Formamide Electrosynthesis from Methanol and Ammonia in Water over Pr-Doped MnO2

Jiewei Zhu , Jiang Shao , Bai-An Shen , Jixiang Chen , Yifu Yu , Shuyan Song §, Xin-Bo Zhang §, Bin Zhang †,‡,*, Bo-Hang Zhao ‡,*
PMCID: PMC10685412  PMID: 38034964

Abstract

graphic file with name au3c00537_0005.jpg

A rare earth element doping strategy is reported to boost the activity and enhance the stability of MnO2 for selective formamide production through electrocatalytic oxidation coupling (EOC) of methanol and ammonia. MnO2 doped with 1% Pr was selected as the best candidate with an optimized formamide yield of 211.32 μmol cm–2 h–1, a Faradaic efficiency of 22.63%, and a stability of more than 50 h.
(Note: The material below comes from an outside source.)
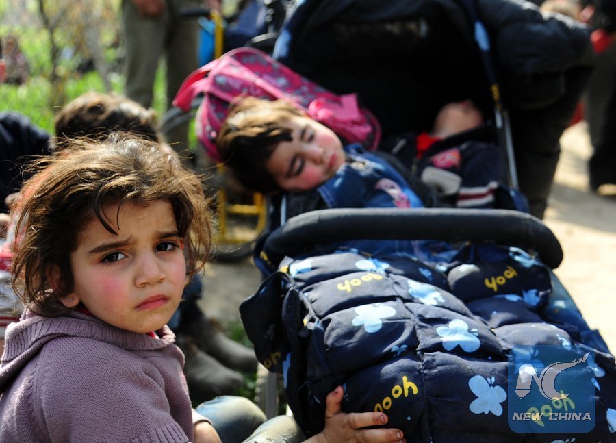 Children wait to be transferred to a safe shelter from the Hamouriyeh area in Eastern Ghouta of Damascus, Syria, on March 17, 2018. As many as 30,000 civilians evacuated from rebel-held areas in the Syrian capital Damascus' Eastern Ghouta area on Saturday, state news agency SANA reported. (Xinhua/Ammar Safarjalani)
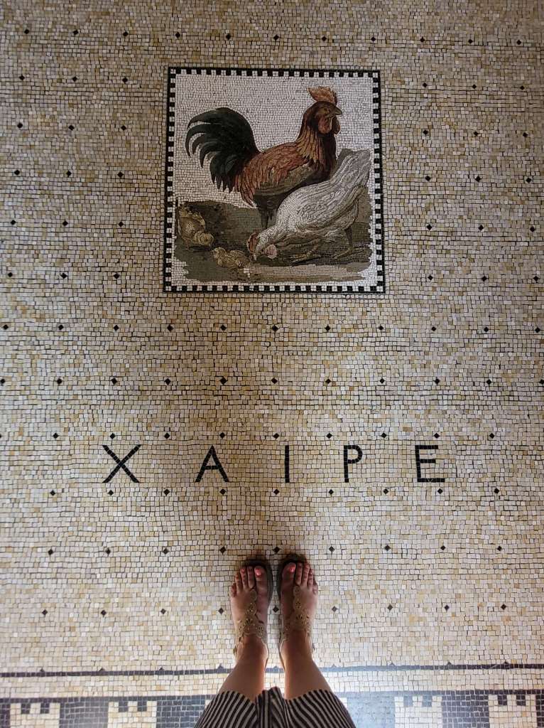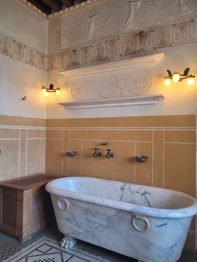 Tutta la villa è un tripudio di classicità: pavimenti di marmo e mosaici particolareggiati, sale da bagno incantevoli con vasche che pesano circa una tonnellata, camere da letto essenziali ma dove nulla è lasciato al caso, arredamento ispirato all’antichità classica.

The easier formation of Mn6+ species and the lower dissolution rate of Mn species over Pr-doped MnO2 revealed by in situ Raman spectra were responsible for the boosted formamide production and enhanced stability. In addition, a two-electrode flow electrolyzer was developed to integrate EOC with C2H2 semihydrogenation for simultaneously producing value-added products in both the anode and cathode.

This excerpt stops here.